The complete breakdown in confidence between the Gillard government and the small and large business communities is now the major factor holding Australia back. It ranks higher than the level of the Australian dollar.
Accordingly, if Tony Abbott is elected on September 14 by a big majority you will see a surge of business confidence and employment.
Reserve Bank reductions in interest rates no longer help much – what’s needed is a change of government.
ANZ chief executive Mike Smith said this diplomatically in his KGB interview (but was careful not to favour any party).
However the response to my seven deadly sins commentary showed just how deep the anti-Gillard government feeling has developed in most areas of business (Seven deadly Gillard sins, April 30).
There was special emphasis on the decision of Gillard to block many new ABN numbers, so stopping Australian innovation.
To my seven deadly Gillard sins, my readers have added at least another 20. One of the criticisms readers handed out to me was that I did not go far enough. So here are the 20 I have extracted:
– In three years, not passing one single growth policy. Because we were in a GFC "Kev and Julia" had the once in a lifetime chance to spend on infrastructure to build the nation (not footpaths and school halls). But they stuffed it.
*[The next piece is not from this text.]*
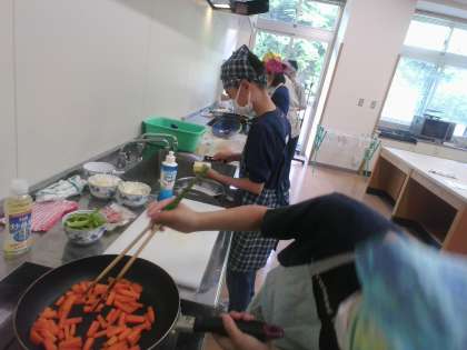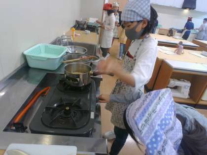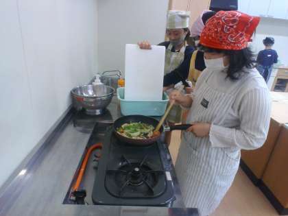 5年生は茹で料理、6年生は炒め料理に挑戦しました。班のメンバーと協力して手際よく活動していました。

We spent billions and got absolutely nothing visionary for it (except for the NBN, which was not part of the spend anyway).
– Divisive policy that favoured unions over business. Compare what the current government has done with what Keating and his Industry Commission did to understand mining and energy in Australia. Businesses like Orica and Rio Tinto implemented single status work force under Hawke/Keating government resulting in massive gains in productivity and salaries that underpinned the mining boom. Those businesses would have failed in Australia before the mining boom if they had stayed unionised.
– Opening the boat people can of worms that John Howard had managed to seal.
– Good programs like housing insulation were poorly managed.
– Education. Spending money rather than looking at the causes of our disappointing (and slipping) education performance. Why have standards fallen during a period when spend-per-child went up?
– Using optimistic forecasts of variable tax revenue, based on commodity and carbon to create recurrent spending programs and 'compensation' handouts, leading to a massive structural budget deficit.
– The biggest terms of trade boom in history (never to be repeated) was wasted. And Australians have been saddled with debt for future generations to repay.
– Too much focus on headlines and not enough on implementation and consequences. For example, the announcement of asylum seeker camp in East Timor. We find out later East Timor was not consulted and not interested.
– Class warfare: out to divide the nation instead of unifying.
– Spending too much time acting as if they were in Opposition and attacking the Opposition.
– Disrespect for voters: Attacking those who they thought would oppose them instead of trying to find common ground.
– The NBN was off budget, not given a business case, loaded with political imperatives, and presented in a very populist manner as if the cost of the network is free.
– The MRRT: Ross Garnaut says it will not likely raise much money yet it was supposed to fund programs.
– Defence: The joint strike fighter mess, and wars in Afghanistan and Iraq.
– Continuing the blame game in health, education and GST split.
– Duplication with states: Canberra employs more than 4,000 public servants in education and 5,000 plus in health because our states act in all those areas as competing, independent countries. The German Federation employs about 50 public servants per 1,000 inhabitants. Why do we have a 100 plus in federal and state administration?
– Media regulation: a conceptual and parliamentary fiasco.
– Too much spin, deceit and lying.
– Water policy: A lot of federal money went to buy back water. We find out later that we don't know where this water is.
– Climate policy: Acting as if Australia alone could fix the global climate, not explaining policy in terms of benefits to the world environment, discounting Australia's OECD ranking for the cleanest air in our cities, discounting the relatively vast land and girt by sea areas to absorb CO2, discounting our relatively sparse population as if total population has no bearing on pollution, and cornerstoning climate policy on the single statistic of the emissions per capita.
And these remarks sum up the problem: “As part of an industry suffering from lack of consumer and business confidence plus structural inefficiency driven by union domination resulting in the lowest construction activity in decades. I can tell you first-hand as an industry representative to government that they could not hear because they don’t understand the challenges confronting working men and women, let alone what was really happening in the wider economy.”
“And the other side ain’t much better at listening either.”